- WHAT IS BEING ASKED -
Would you repeat every line of the data exactly?

- THE DATA -
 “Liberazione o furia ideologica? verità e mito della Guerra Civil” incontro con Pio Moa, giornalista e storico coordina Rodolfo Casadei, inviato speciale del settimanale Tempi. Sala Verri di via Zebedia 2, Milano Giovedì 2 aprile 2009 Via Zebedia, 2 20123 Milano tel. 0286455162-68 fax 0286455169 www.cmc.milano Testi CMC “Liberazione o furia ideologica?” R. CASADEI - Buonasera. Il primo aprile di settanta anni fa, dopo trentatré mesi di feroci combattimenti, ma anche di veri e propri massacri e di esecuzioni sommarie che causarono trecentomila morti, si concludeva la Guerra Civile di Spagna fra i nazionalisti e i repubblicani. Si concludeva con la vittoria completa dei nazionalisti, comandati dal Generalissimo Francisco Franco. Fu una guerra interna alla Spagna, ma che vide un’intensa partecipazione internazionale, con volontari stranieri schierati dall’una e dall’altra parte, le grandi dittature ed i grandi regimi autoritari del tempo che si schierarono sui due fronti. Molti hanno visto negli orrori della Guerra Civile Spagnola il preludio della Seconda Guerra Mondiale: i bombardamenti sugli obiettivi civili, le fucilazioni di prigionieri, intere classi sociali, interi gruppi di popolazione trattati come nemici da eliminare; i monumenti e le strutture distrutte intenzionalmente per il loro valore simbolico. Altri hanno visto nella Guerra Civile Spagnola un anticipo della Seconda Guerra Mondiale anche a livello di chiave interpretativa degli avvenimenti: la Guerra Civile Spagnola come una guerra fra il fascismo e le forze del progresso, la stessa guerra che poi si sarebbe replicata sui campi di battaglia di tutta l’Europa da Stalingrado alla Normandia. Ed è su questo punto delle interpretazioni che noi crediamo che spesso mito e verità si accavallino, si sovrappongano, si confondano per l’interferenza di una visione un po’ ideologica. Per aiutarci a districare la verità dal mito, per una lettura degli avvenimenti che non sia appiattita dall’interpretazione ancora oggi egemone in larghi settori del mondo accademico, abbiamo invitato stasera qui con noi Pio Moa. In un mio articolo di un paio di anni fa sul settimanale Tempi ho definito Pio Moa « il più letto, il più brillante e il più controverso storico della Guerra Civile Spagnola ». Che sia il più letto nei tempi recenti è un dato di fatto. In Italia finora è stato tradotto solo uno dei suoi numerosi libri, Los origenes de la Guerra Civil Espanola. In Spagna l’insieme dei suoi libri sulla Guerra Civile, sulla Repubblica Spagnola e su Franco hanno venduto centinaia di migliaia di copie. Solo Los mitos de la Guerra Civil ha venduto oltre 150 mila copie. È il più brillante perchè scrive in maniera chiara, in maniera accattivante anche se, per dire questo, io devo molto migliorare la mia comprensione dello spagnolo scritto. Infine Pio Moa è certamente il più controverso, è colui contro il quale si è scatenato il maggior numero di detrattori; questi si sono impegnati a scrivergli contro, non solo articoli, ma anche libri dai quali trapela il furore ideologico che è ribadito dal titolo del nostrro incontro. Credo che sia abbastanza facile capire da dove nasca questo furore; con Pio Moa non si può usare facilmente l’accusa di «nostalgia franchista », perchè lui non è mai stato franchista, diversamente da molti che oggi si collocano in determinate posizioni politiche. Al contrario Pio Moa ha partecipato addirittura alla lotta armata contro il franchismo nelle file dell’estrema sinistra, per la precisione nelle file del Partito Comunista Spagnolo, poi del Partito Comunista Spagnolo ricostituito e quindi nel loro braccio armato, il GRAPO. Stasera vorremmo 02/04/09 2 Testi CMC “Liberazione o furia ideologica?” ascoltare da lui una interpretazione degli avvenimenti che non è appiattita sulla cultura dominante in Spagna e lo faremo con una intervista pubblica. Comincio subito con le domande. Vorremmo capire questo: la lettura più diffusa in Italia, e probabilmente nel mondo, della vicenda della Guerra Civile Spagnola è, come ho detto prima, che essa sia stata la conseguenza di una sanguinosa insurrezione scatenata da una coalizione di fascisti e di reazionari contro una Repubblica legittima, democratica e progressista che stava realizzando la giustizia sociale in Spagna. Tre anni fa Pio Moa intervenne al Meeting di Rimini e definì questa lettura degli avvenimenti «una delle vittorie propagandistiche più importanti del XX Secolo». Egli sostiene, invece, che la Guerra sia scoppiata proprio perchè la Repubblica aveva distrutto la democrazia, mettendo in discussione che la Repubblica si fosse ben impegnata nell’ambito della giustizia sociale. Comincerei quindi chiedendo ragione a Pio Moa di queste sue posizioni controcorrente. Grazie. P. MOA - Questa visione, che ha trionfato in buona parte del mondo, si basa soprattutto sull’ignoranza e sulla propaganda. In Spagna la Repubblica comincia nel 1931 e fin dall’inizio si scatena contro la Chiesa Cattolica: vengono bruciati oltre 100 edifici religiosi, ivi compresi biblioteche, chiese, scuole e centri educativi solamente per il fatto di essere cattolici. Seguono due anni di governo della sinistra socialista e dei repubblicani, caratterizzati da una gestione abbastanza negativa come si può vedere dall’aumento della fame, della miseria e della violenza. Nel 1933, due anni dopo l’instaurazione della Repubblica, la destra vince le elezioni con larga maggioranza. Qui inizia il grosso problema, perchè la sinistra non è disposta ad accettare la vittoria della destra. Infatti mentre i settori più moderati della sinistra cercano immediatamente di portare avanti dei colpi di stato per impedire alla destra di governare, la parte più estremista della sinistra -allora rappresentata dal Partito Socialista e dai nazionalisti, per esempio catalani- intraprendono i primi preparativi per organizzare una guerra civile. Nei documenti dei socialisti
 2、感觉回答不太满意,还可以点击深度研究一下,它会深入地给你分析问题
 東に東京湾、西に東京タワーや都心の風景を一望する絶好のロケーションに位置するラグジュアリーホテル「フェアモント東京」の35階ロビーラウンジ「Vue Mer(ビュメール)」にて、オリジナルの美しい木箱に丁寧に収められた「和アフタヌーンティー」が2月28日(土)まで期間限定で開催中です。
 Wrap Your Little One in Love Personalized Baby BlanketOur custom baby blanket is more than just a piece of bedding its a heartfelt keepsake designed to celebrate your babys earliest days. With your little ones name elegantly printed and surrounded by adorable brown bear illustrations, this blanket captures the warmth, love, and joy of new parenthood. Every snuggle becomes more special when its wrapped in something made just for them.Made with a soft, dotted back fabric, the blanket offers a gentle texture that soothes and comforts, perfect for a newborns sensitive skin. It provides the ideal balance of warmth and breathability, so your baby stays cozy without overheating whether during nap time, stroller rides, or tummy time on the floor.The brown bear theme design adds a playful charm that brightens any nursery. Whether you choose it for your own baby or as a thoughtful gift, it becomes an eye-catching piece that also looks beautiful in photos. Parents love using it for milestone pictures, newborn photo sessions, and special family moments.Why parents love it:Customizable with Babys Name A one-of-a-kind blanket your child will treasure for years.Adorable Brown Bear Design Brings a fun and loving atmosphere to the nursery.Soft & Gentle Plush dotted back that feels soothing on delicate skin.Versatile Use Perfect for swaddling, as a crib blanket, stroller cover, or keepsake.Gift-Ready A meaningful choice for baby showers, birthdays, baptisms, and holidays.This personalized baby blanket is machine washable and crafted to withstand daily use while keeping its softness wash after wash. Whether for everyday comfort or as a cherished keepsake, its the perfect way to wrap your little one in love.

- TASK ANSWER -
 “Liberazione o furia ideologica? verità e mito della Guerra Civil” incontro con Pio Moa, giornalista e storico coordina Rodolfo Casadei, inviato speciale del settimanale Tempi. Sala Verri di via Zebedia 2, Milano Giovedì 2 aprile 2009 Via Zebedia, 2 20123 Milano tel. 0286455162-68 fax 0286455169 www.cmc.milano Testi CMC “Liberazione o furia ideologica?” R. CASADEI - Buonasera. Il primo aprile di settanta anni fa, dopo trentatré mesi di feroci combattimenti, ma anche di veri e propri massacri e di esecuzioni sommarie che causarono trecentomila morti, si concludeva la Guerra Civile di Spagna fra i nazionalisti e i repubblicani. Si concludeva con la vittoria completa dei nazionalisti, comandati dal Generalissimo Francisco Franco. Fu una guerra interna alla Spagna, ma che vide un’intensa partecipazione internazionale, con volontari stranieri schierati dall’una e dall’altra parte, le grandi dittature ed i grandi regimi autoritari del tempo che si schierarono sui due fronti. Molti hanno visto negli orrori della Guerra Civile Spagnola il preludio della Seconda Guerra Mondiale: i bombardamenti sugli obiettivi civili, le fucilazioni di prigionieri, intere classi sociali, interi gruppi di popolazione trattati come nemici da eliminare; i monumenti e le strutture distrutte intenzionalmente per il loro valore simbolico. Altri hanno visto nella Guerra Civile Spagnola un anticipo della Seconda Guerra Mondiale anche a livello di chiave interpretativa degli avvenimenti: la Guerra Civile Spagnola come una guerra fra il fascismo e le forze del progresso, la stessa guerra che poi si sarebbe replicata sui campi di battaglia di tutta l’Europa da Stalingrado alla Normandia. Ed è su questo punto delle interpretazioni che noi crediamo che spesso mito e verità si accavallino, si sovrappongano, si confondano per l’interferenza di una visione un po’ ideologica. Per aiutarci a districare la verità dal mito, per una lettura degli avvenimenti che non sia appiattita dall’interpretazione ancora oggi egemone in larghi settori del mondo accademico, abbiamo invitato stasera qui con noi Pio Moa. In un mio articolo di un paio di anni fa sul settimanale Tempi ho definito Pio Moa « il più letto, il più brillante e il più controverso storico della Guerra Civile Spagnola ». Che sia il più letto nei tempi recenti è un dato di fatto. In Italia finora è stato tradotto solo uno dei suoi numerosi libri, Los origenes de la Guerra Civil Espanola. In Spagna l’insieme dei suoi libri sulla Guerra Civile, sulla Repubblica Spagnola e su Franco hanno venduto centinaia di migliaia di copie. Solo Los mitos de la Guerra Civil ha venduto oltre 150 mila copie. È il più brillante perchè scrive in maniera chiara, in maniera accattivante anche se, per dire questo, io devo molto migliorare la mia comprensione dello spagnolo scritto. Infine Pio Moa è certamente il più controverso, è colui contro il quale si è scatenato il maggior numero di detrattori; questi si sono impegnati a scrivergli contro, non solo articoli, ma anche libri dai quali trapela il furore ideologico che è ribadito dal titolo del nostrro incontro. Credo che sia abbastanza facile capire da dove nasca questo furore; con Pio Moa non si può usare facilmente l’accusa di «nostalgia franchista », perchè lui non è mai stato franchista, diversamente da molti che oggi si collocano in determinate posizioni politiche. Al contrario Pio Moa ha partecipato addirittura alla lotta armata contro il franchismo nelle file dell’estrema sinistra, per la precisione nelle file del Partito Comunista Spagnolo, poi del Partito Comunista Spagnolo ricostituito e quindi nel loro braccio armato, il GRAPO. Stasera vorremmo 02/04/09 2 Testi CMC “Liberazione o furia ideologica?” ascoltare da lui una interpretazione degli avvenimenti che non è appiattita sulla cultura dominante in Spagna e lo faremo con una intervista pubblica. Comincio subito con le domande. Vorremmo capire questo: la lettura più diffusa in Italia, e probabilmente nel mondo, della vicenda della Guerra Civile Spagnola è, come ho detto prima, che essa sia stata la conseguenza di una sanguinosa insurrezione scatenata da una coalizione di fascisti e di reazionari contro una Repubblica legittima, democratica e progressista che stava realizzando la giustizia sociale in Spagna. Tre anni fa Pio Moa intervenne al Meeting di Rimini e definì questa lettura degli avvenimenti «una delle vittorie propagandistiche più importanti del XX Secolo». Egli sostiene, invece, che la Guerra sia scoppiata proprio perchè la Repubblica aveva distrutto la democrazia, mettendo in discussione che la Repubblica si fosse ben impegnata nell’ambito della giustizia sociale. Comincerei quindi chiedendo ragione a Pio Moa di queste sue posizioni controcorrente. Grazie. P. MOA - Questa visione, che ha trionfato in buona parte del mondo, si basa soprattutto sull’ignoranza e sulla propaganda. In Spagna la Repubblica comincia nel 1931 e fin dall’inizio si scatena contro la Chiesa Cattolica: vengono bruciati oltre 100 edifici religiosi, ivi compresi biblioteche, chiese, scuole e centri educativi solamente per il fatto di essere cattolici. Seguono due anni di governo della sinistra socialista e dei repubblicani, caratterizzati da una gestione abbastanza negativa come si può vedere dall’aumento della fame, della miseria e della violenza. Nel 1933, due anni dopo l’instaurazione della Repubblica, la destra vince le elezioni con larga maggioranza. Qui inizia il grosso problema, perchè la sinistra non è disposta ad accettare la vittoria della destra. Infatti mentre i settori più moderati della sinistra cercano immediatamente di portare avanti dei colpi di stato per impedire alla destra di governare, la parte più estremista della sinistra -allora rappresentata dal Partito Socialista e dai nazionalisti, per esempio catalani- intraprendono i primi preparativi per organizzare una guerra civile. Nei documenti dei socialisti
 2、感觉回答不太满意,还可以点击深度研究一下,它会深入地给你分析问题
 東に東京湾、西に東京タワーや都心の風景を一望する絶好のロケーションに位置するラグジュアリーホテル「フェアモント東京」の35階ロビーラウンジ「Vue Mer(ビュメール)」にて、オリジナルの美しい木箱に丁寧に収められた「和アフタヌーンティー」が2月28日(土)まで期間限定で開催中です。
 Wrap Your Little One in Love Personalized Baby BlanketOur custom baby blanket is more than just a piece of bedding its a heartfelt keepsake designed to celebrate your babys earliest days. With your little ones name elegantly printed and surrounded by adorable brown bear illustrations, this blanket captures the warmth, love, and joy of new parenthood. Every snuggle becomes more special when its wrapped in something made just for them.Made with a soft, dotted back fabric, the blanket offers a gentle texture that soothes and comforts, perfect for a newborns sensitive skin. It provides the ideal balance of warmth and breathability, so your baby stays cozy without overheating whether during nap time, stroller rides, or tummy time on the floor.The brown bear theme design adds a playful charm that brightens any nursery. Whether you choose it for your own baby or as a thoughtful gift, it becomes an eye-catching piece that also looks beautiful in photos. Parents love using it for milestone pictures, newborn photo sessions, and special family moments.Why parents love it:Customizable with Babys Name A one-of-a-kind blanket your child will treasure for years.Adorable Brown Bear Design Brings a fun and loving atmosphere to the nursery.Soft & Gentle Plush dotted back that feels soothing on delicate skin.Versatile Use Perfect for swaddling, as a crib blanket, stroller cover, or keepsake.Gift-Ready A meaningful choice for baby showers, birthdays, baptisms, and holidays.This personalized baby blanket is machine washable and crafted to withstand daily use while keeping its softness wash after wash. Whether for everyday comfort or as a cherished keepsake, its the perfect way to wrap your little one in love.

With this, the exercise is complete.